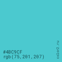 Цвет #4BC9CF в цветовой модели RGB обозначается тремя октетами (75, 201, 207) в десятичном формате и #4BC9CF в шестнадцатиричном (hex) формате, которые являются интенсивностью красного 75 (hex 4B), интенсивность зелёного 201 (hex C9) и интенсивность синего 207 (hex CF).
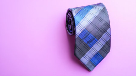 A stylish rolled tie featuring an eye-catching blue and gray plaid pattern against a vivid pink backdrop, perfect for fashion enthusiasts and accessories.
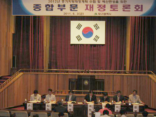 2011³â ´ë±¸½Ã ÀçÁ¤Åä·Ðȸ ¸¶¹«¸®. Çü½ÄÀûÀ̾úÁö¸¸ ¸¹Àº °úÁ¦µµ ³²°Ü ÀçÁ¤¿¡ ´ëÇÑ ±³À°°ú ¿¹»êºÐ¼®À» ÁÖ ³»¿ëÀ¸·Î ÇÏ´Â <Âü¿©¿¹»êÇб³> ´ë±¸½Ã ¿î¿µ Á¦¾È
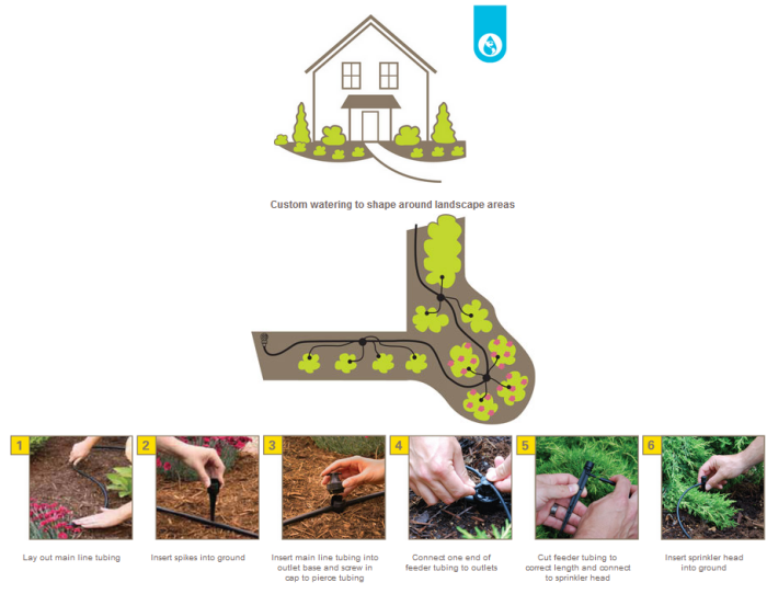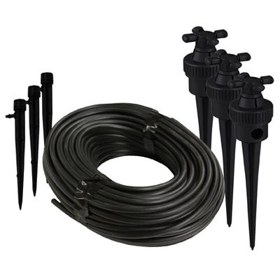 Designed to water shrubs and landscapes efficiently. Includes 50 feet of 1/2” tubing, 3 spike manifolds with 4 outlets each, 50 feet of 1/4” “cut to fit” tubing. 12 adjustable-volume low-flow sprinkler heads. 5 metal tubing hold-down spikes. 8 goof plugs. Water is distributed at ground level to minimize run-off. Easy set-up with maximum flexibility. Set up in 20 minutes or less.
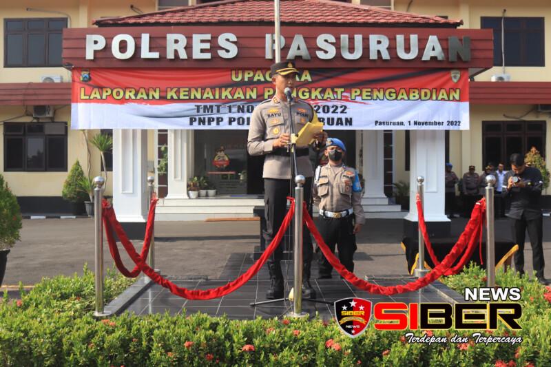 Kapolres Pasuruan Pimpin Upacara Kenaikan Pangkat Pengabdian Anggota

What is expected -> The lines above must be transcribed exactly, with every picture left out.

Task output ->
 Цвет #4BC9CF в цветовой модели RGB обозначается тремя октетами (75, 201, 207) в десятичном формате и #4BC9CF в шестнадцатиричном (hex) формате, которые являются интенсивностью красного 75 (hex 4B), интенсивность зелёного 201 (hex C9) и интенсивность синего 207 (hex CF).
 A stylish rolled tie featuring an eye-catching blue and gray plaid pattern against a vivid pink backdrop, perfect for fashion enthusiasts and accessories.
 2011³â ´ë±¸½Ã ÀçÁ¤Åä·Ðȸ ¸¶¹«¸®. Çü½ÄÀûÀ̾úÁö¸¸ ¸¹Àº °úÁ¦µµ ³²°Ü ÀçÁ¤¿¡ ´ëÇÑ ±³À°°ú ¿¹»êºÐ¼®À» ÁÖ ³»¿ëÀ¸·Î ÇÏ´Â <Âü¿©¿¹»êÇб³> ´ë±¸½Ã ¿î¿µ Á¦¾È
 Designed to water shrubs and landscapes efficiently. Includes 50 feet of 1/2” tubing, 3 spike manifolds with 4 outlets each, 50 feet of 1/4” “cut to fit” tubing. 12 adjustable-volume low-flow sprinkler heads. 5 metal tubing hold-down spikes. 8 goof plugs. Water is distributed at ground level to minimize run-off. Easy set-up with maximum flexibility. Set up in 20 minutes or less.
 Kapolres Pasuruan Pimpin Upacara Kenaikan Pangkat Pengabdian Anggota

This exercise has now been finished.